■ **What the task asks**:
Would you retype the whole listing verbatim, keeping pictures out of it?

■ **Data for the task**:
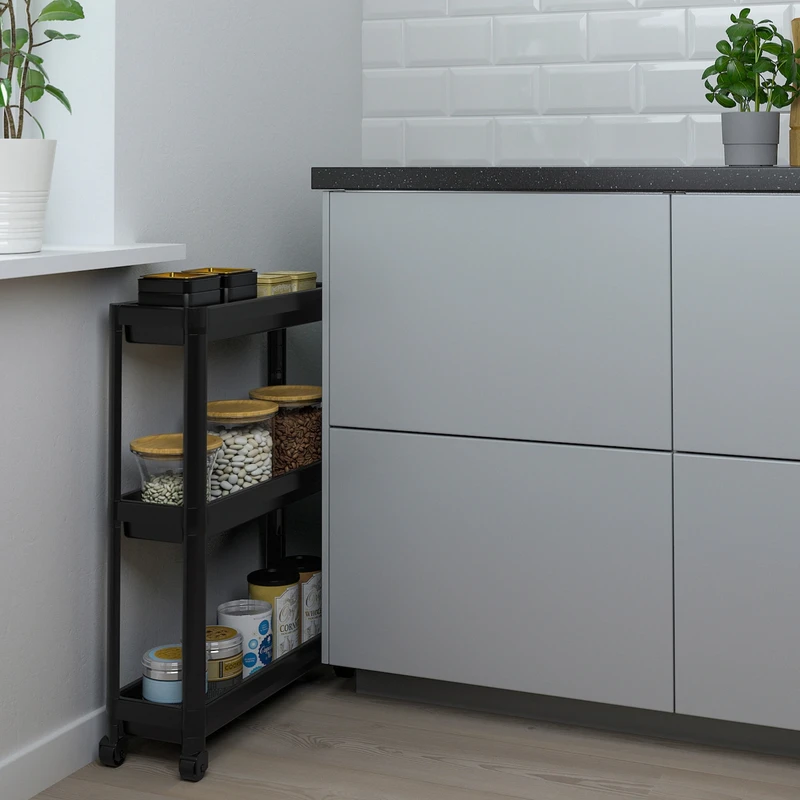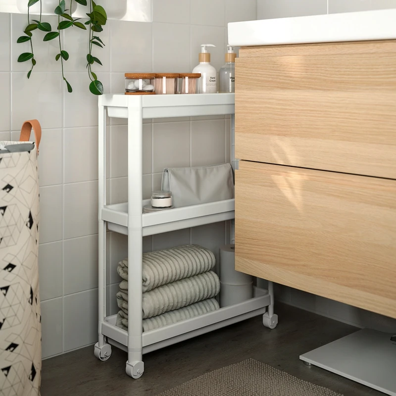 ساختار مستحکم و چهار چرخ چرخ باعث میشود تا بتوانید چرخ دستی را به راحتی جابجا کنید و از آن در هر کجا که دوست دارید استفاده کنید. به دلیل اندازه کوچکش حتی در فضاهای تنگ جا می شود. همه چیز در جای خود باقی می ماند، از شامپو و نرم کننده گرفته تا اسفنج، زیرا قفسه دارای لبه های بلند از هر طرف است.
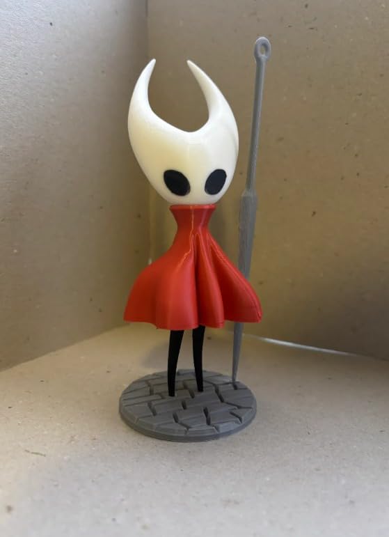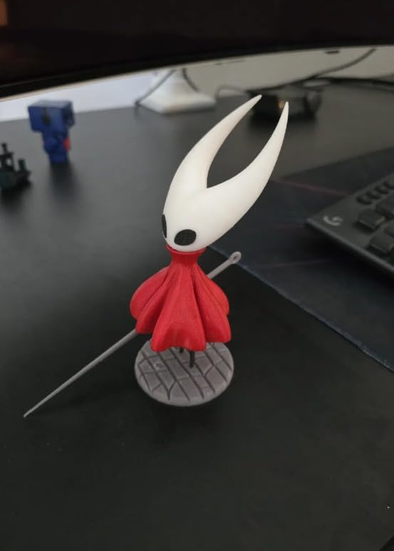 - CHARACTER DESIGN: Highly detailed 3D printed figure inspired by the iconic Hornet character, featuring a distinctive white horned mask, flowing red cloak, black legs, and signature needle weapon
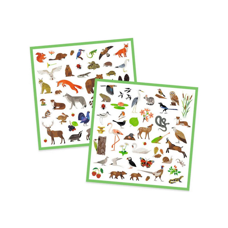 Naklejki z motywami europejskich zwierząt: od dobrze znanych, takich jak jelenie, lisy i dziki, po mniej znane- cietrzewie, borsuki i szczygieły – dzieci odkryją bogatą różnorodność europejskiej flory i fauny.
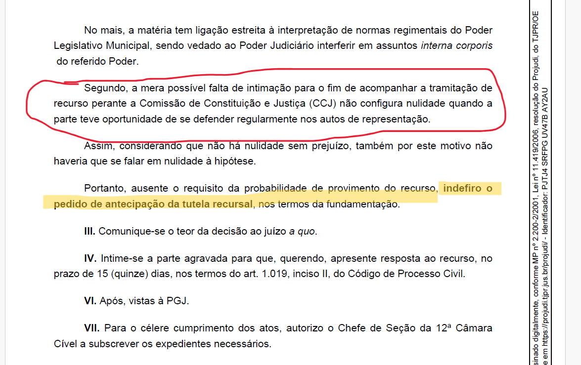 A Justiça lembrou ainda que o representado deve acompanhar os canais oficiais da Casa. Traduzindo: quem não lê o Diário Oficial, não pode reclamar depois.
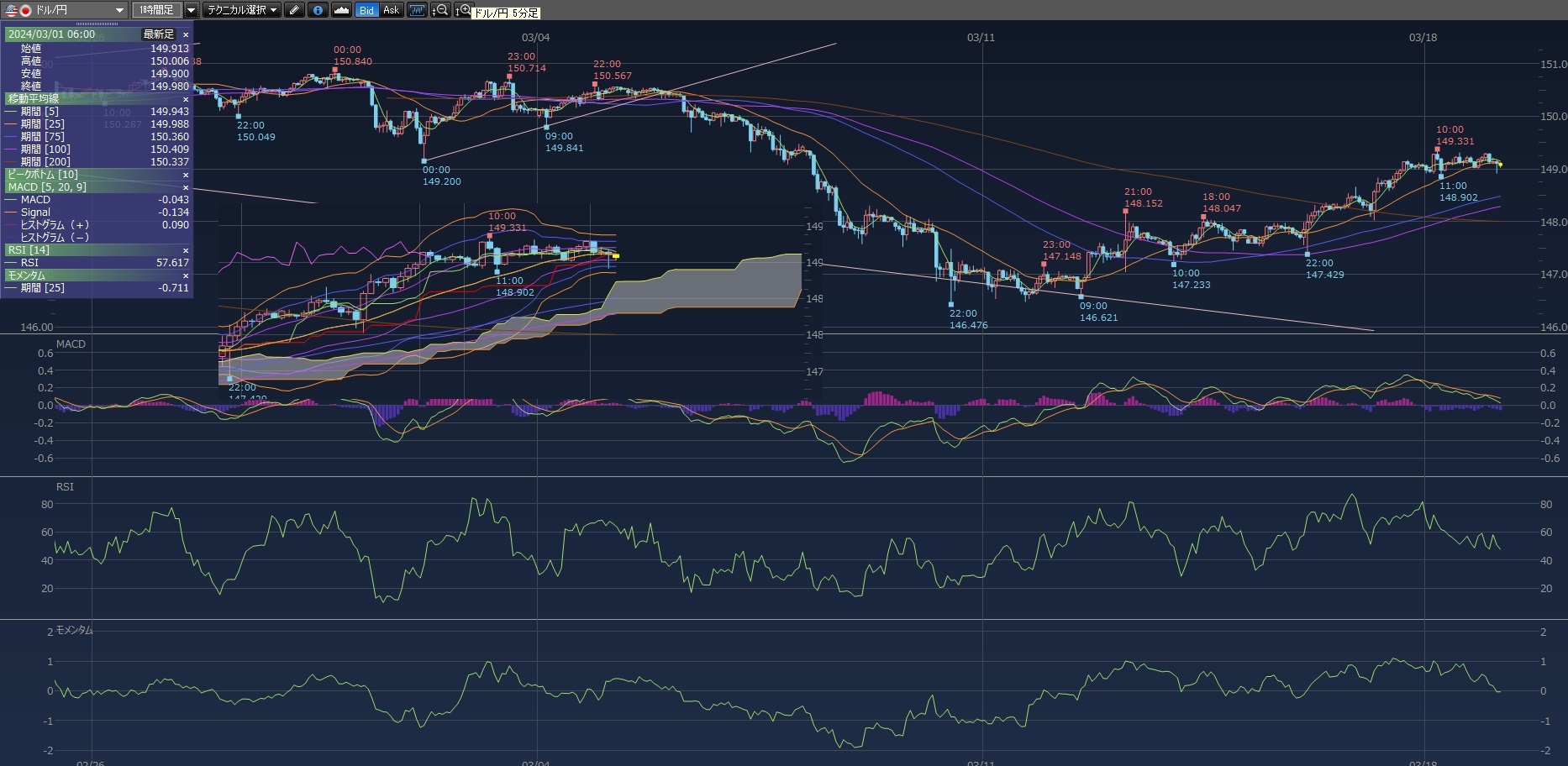 気が付いたら高値から落ちて来てて残念利確
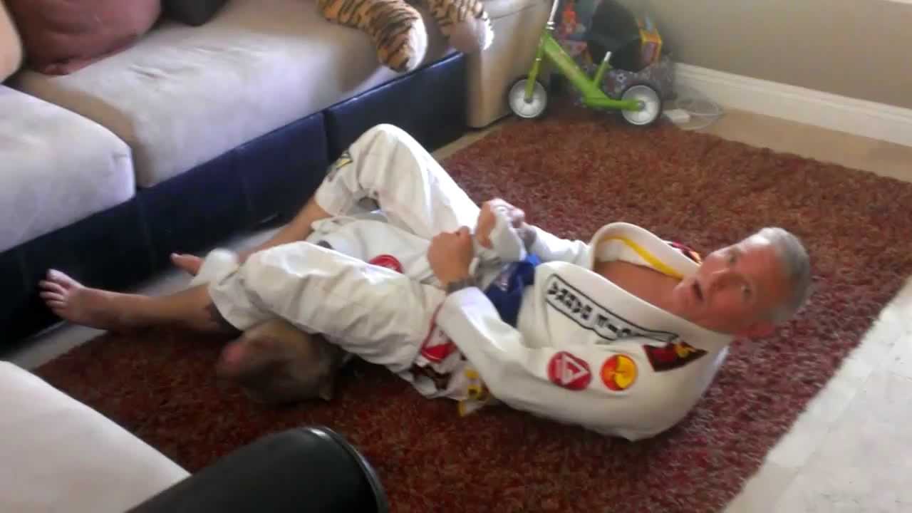Koa the pit bull patiently cooperates (I’m sure he loves the attention) while his human, Gene Cook, Jr., uses him as a dummy to demonstrate some fundamental Brazilian jiu-jitsu techniques.
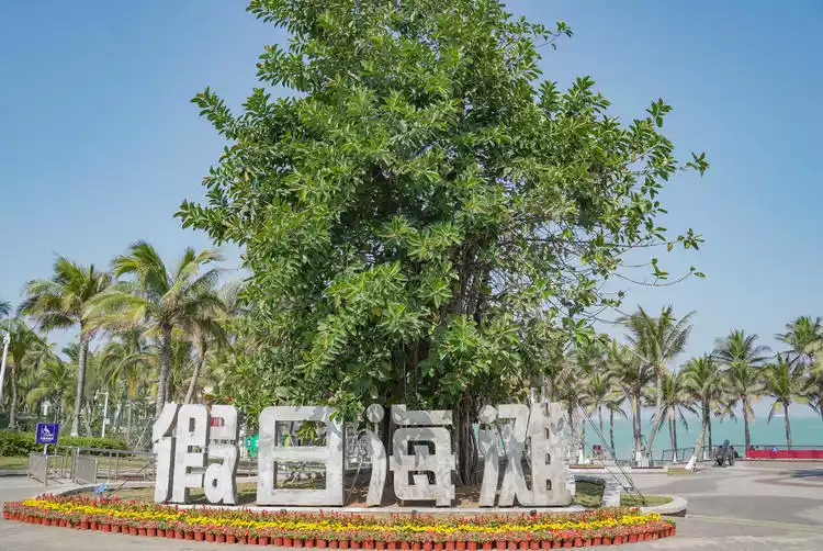 At the entrance of the scenic area, the four words "Holiday Beach" come into view, hidden among lush green plants, with the sparkling sea behind and swaying coconut trees around, creating a unique charm.

■ **Response to this exercise**:
 ساختار مستحکم و چهار چرخ چرخ باعث میشود تا بتوانید چرخ دستی را به راحتی جابجا کنید و از آن در هر کجا که دوست دارید استفاده کنید. به دلیل اندازه کوچکش حتی در فضاهای تنگ جا می شود. همه چیز در جای خود باقی می ماند، از شامپو و نرم کننده گرفته تا اسفنج، زیرا قفسه دارای لبه های بلند از هر طرف است.
 - CHARACTER DESIGN: Highly detailed 3D printed figure inspired by the iconic Hornet character, featuring a distinctive white horned mask, flowing red cloak, black legs, and signature needle weapon
 Naklejki z motywami europejskich zwierząt: od dobrze znanych, takich jak jelenie, lisy i dziki, po mniej znane- cietrzewie, borsuki i szczygieły – dzieci odkryją bogatą różnorodność europejskiej flory i fauny.
 A Justiça lembrou ainda que o representado deve acompanhar os canais oficiais da Casa. Traduzindo: quem não lê o Diário Oficial, não pode reclamar depois.
 気が付いたら高値から落ちて来てて残念利確
Koa the pit bull patiently cooperates (I’m sure he loves the attention) while his human, Gene Cook, Jr., uses him as a dummy to demonstrate some fundamental Brazilian jiu-jitsu techniques.
 At the entrance of the scenic area, the four words "Holiday Beach" come into view, hidden among lush green plants, with the sparkling sea behind and swaying coconut trees around, creating a unique charm.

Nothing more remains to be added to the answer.